I shook my head. “I’m happy he’s trying to figure out who he is, but it doesn’t mean I have to be part of it.”

“But he’s making you part of it.” She leveled me with the same eyes Cass used when I was being stubborn. “Look, I’m not trying to tell you what to do. But the guy wants you back. If you don’t want him, be upfront. The way you dealt with him at that party, I couldn’t tell if you wanted to kick him in the balls with those killer boots or jump into his arms and kiss his face off.”

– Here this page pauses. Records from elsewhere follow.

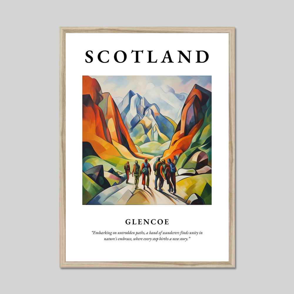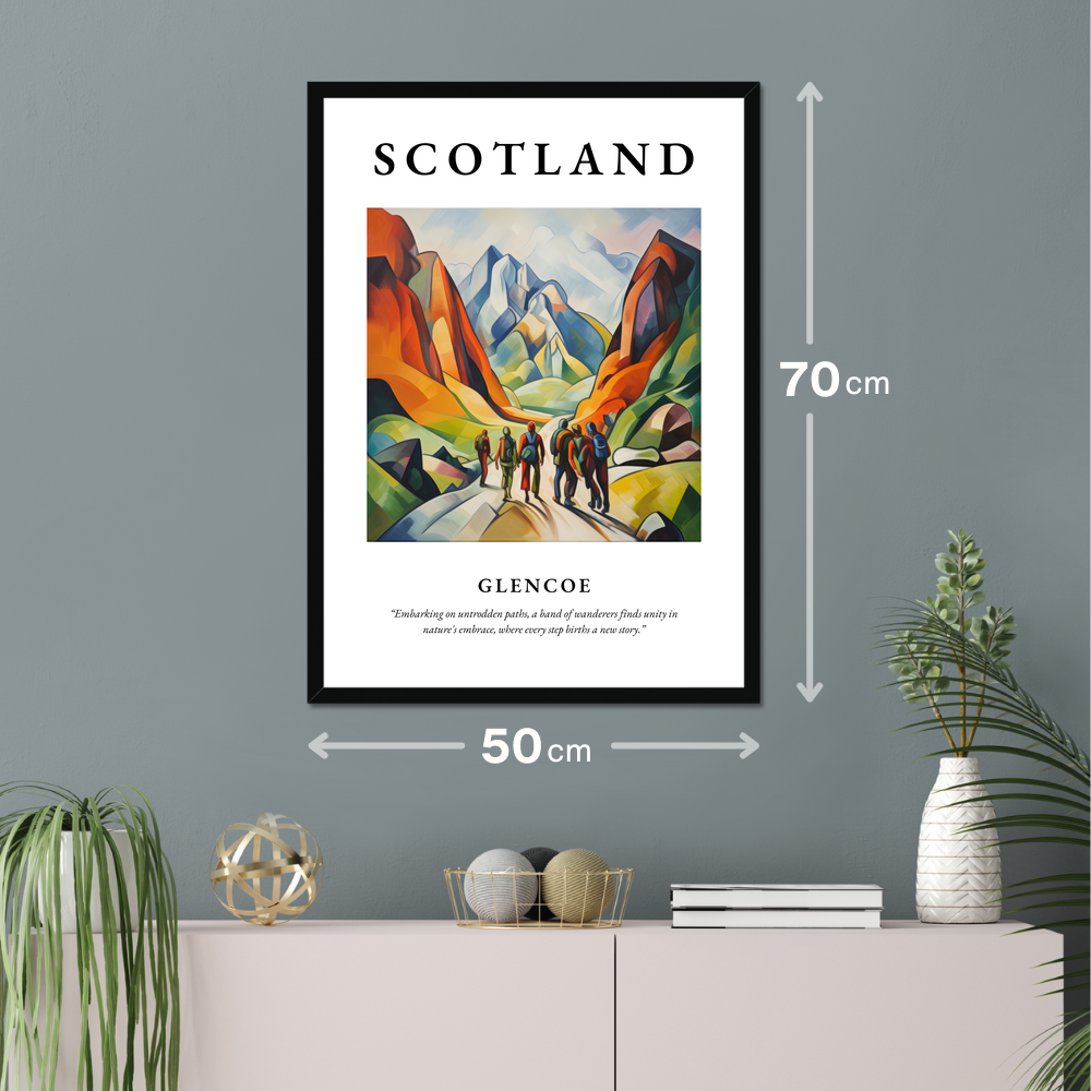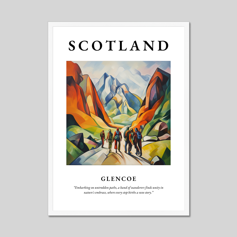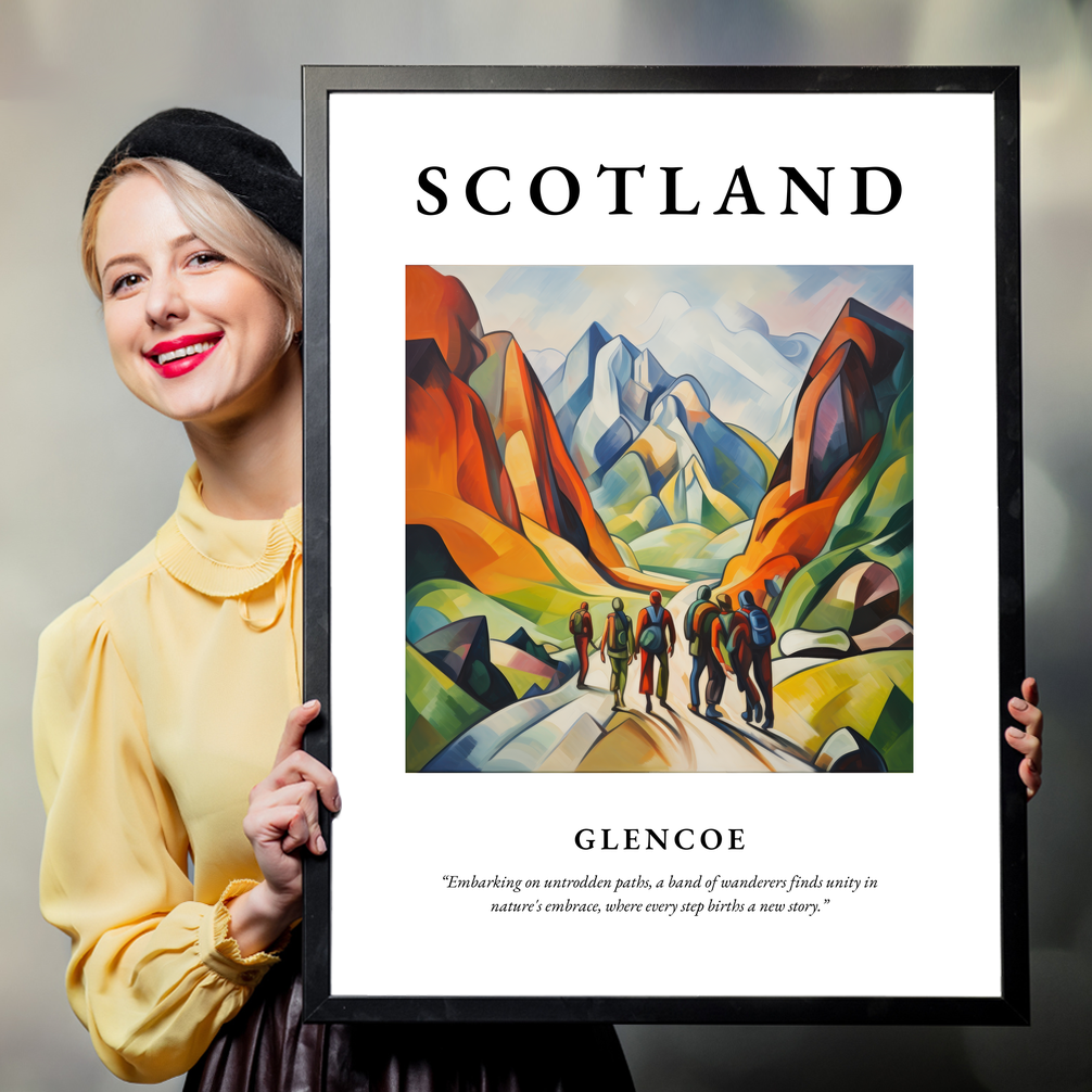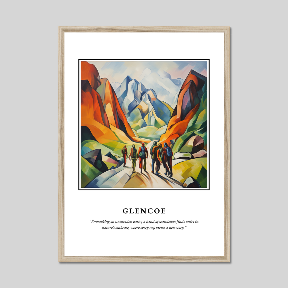 Beneath the painting, a poignant quote reads: "Embarking on untrodden paths, a band of wanderers finds unity in nature's embrace, where every step births a new story." It's a sentiment that resonates deeply with those who cherish the spirit of exploration—ideal for anyone with fond memories of past adventures in Glencoe or dreams of journeys yet to come. This stunning piece is also a feast for art lovers who appreciate the bold and expressive narrative of Cubism.
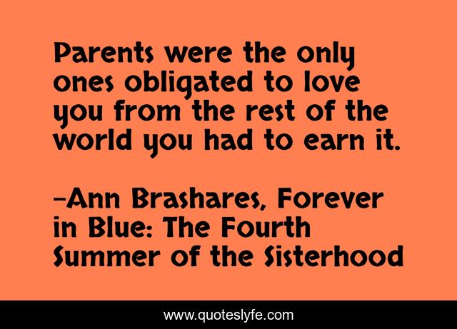 This page presents the quote "Parents were the only ones obligated to love you from the rest of the world you had to earn it.". Author of this quote is Ann Brashares, Forever in Blue: The Fourth Summer of the Sisterhood. This quote is about life, love, agape, family, unconditional-love, affection,.
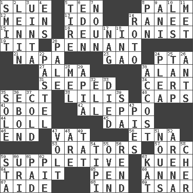 ACROSS 1. Change direction abruptly 5. Nine, plus one 8. Inside of hand 12. Chow _ 13. Wedding promise 14. The wife of a rajah (variant) 15. Restaurants 16. One who advocates reunion 19. Teat (slang) 20. Pre-World Series prize 21. California wine valley 23. E Mali city 24. Parent Teacher Association (abbr.) 27. _ mater 30. ____ Jay Lerner 31. Oozed 34. An absolute certainty 35. Religious group 38. Ms. Damita and namesakes 40. Smile enhancers 41. Mitch Miller's instrument 42. City in Syria 44. Hang loosely or laxly 45. Raised platform 46. Conclusion 47. Large container 50. Inactive volcano in Sicily 53. Speakers 57. The grampus (Milton) 59. Supplementary 63. Malaysian steamed pastry 64. Distinguishing feature 65. Animal enclosure 66. Queen of England 1702-14 67. Assistant 68. Indiana (abbr.) 69. Russian ruler of old DOWN 1. Stricken, poetically 2. Soviet premier 1918-24 3. National forest in Provo, Utah 4. Followers of ems 5. Hoop that covers a wheel 6. Locale of original sin 7. Part of speech 8. Baking dish 9. Black tropical American cuckoo 10. French article 11. Was introduced to 14. Printing process, for short 17. Tired old horse 18. _ tizzy (2 wds.) 20. Diluted with white 22. Soft color 24. Entreaty 25. Canvas cover 26. Pismires 28. Cartoonist voice _ Blanc 29. Capital of Western Samoa 30. Buttonhole 32. Pipe bend 33. Passed on 35. Flatfish 36. Inky black, to poets 37. Chilled 39. Health resort 43. Sliced desserts 47. Electrical Unit 48. "We ___ not amused" (Victoria) 49. Make lace 51. Parts of speech 52. Sports stadium 54. Native american tent (variation) 55. Baking chamber 56. Tear apart 58. "Mermaids" star 59. R.R. building 60. RI univ. 61. Groovy apt. 62. Sliced dessert 63. Krazy ___ of comics
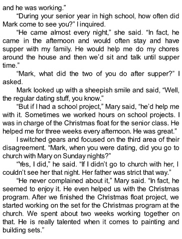 disagreement. “Mark, when you were dating, did you go to
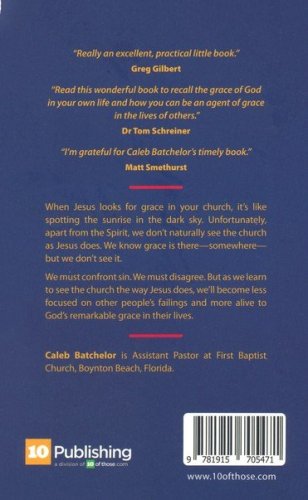 Unfortunately, apart from the Spirit, we don't naturally see the church as Jesus does. We know grace is there-somewhere-but as hot tempers, cold relationships, bitterness, unremarkable sermons, lacklustre programs, and unmet expectations fill the page, grace seems invisible. We must confront sin. We must disagree. But as we learn to see the church the way Jesus does, we'll become less focused on other people's failings and more alive to God's remarkable grace in their lives.
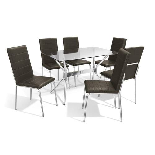 O Conjunto Sala de Jantar Linha Crome da Kappesberg combina elegância, conforto e qualidade, o conjunto ideal para horas de lazer! É composto por 1 mesa com Tampo de Vidro Temperado, 1 base em Metal Cromado e 6 cadeiras com estrutura de Metal Cromado, garantindo um conjunto completo e moderno. As 6 cadeiras possuem assento com espuma de alta densidade, além disso, são 100% automatizados e acabado com 100% de polimento, proporcionando um alto padrão de qualidade, conforto e durabilidade. Seu estofamento na cor Marrom, confere um visual elegante e moderno, tornando-o uma ótima escolha para qualquer sala de jantar. Aproveite a qualidade que o Conjunto da Kappesberg oferece!

I stared across the room at her, my mind jumping to all our interactions. Had I been giving him mixed signals? Had my confusion translated to playing hard to get? It was difficult knowing how to act with him, especially after reading the letters. Part of me wanted to forgive him and the other wanted to hate him for deceiving me
again
.

When Lorelei left the room for a shower a little while later, I pulled out my phone and sent him a text.
This has to stop.

And just like that, radio silence. No texts. No gifts. No run-ins for the next week. Thankfully, hanging out with Lorelei each night afforded me little time to even think about him. She purposely kept me distracted. Purposely avoided mentioning him. Purposely kept me focused on the future and not the past. Saturday night, we sat a high-top table at a crowded bar near campus. Lorelei had met a guy, and I got stuck talking to his best friend.

“So, what’s your major?” he asked.

Ugh. “Undecided.”

“Oh, cool. You live around here?”

“On campus.” I smiled, trying to act interested. But I wasn’t. Getting drunk, meeting new guys, and staying out until all hours of the night wasn’t me. It never had been.

“Oh, yeah? Maybe we can go back there later and party.”

“Maybe,” I lied, before excusing myself and walking to the line at the bathroom. Usually, I wished the line moved quickly. Not tonight. My eyes scanned the congested bar. Nothing about it made me want to stay. Not the loud music. Not the crowded dance floor. Not the constant elbows from people walking by. Not the small talk with people I didn’t have anything in common with. I needed to leave. I needed the quiet of my room. I needed something else.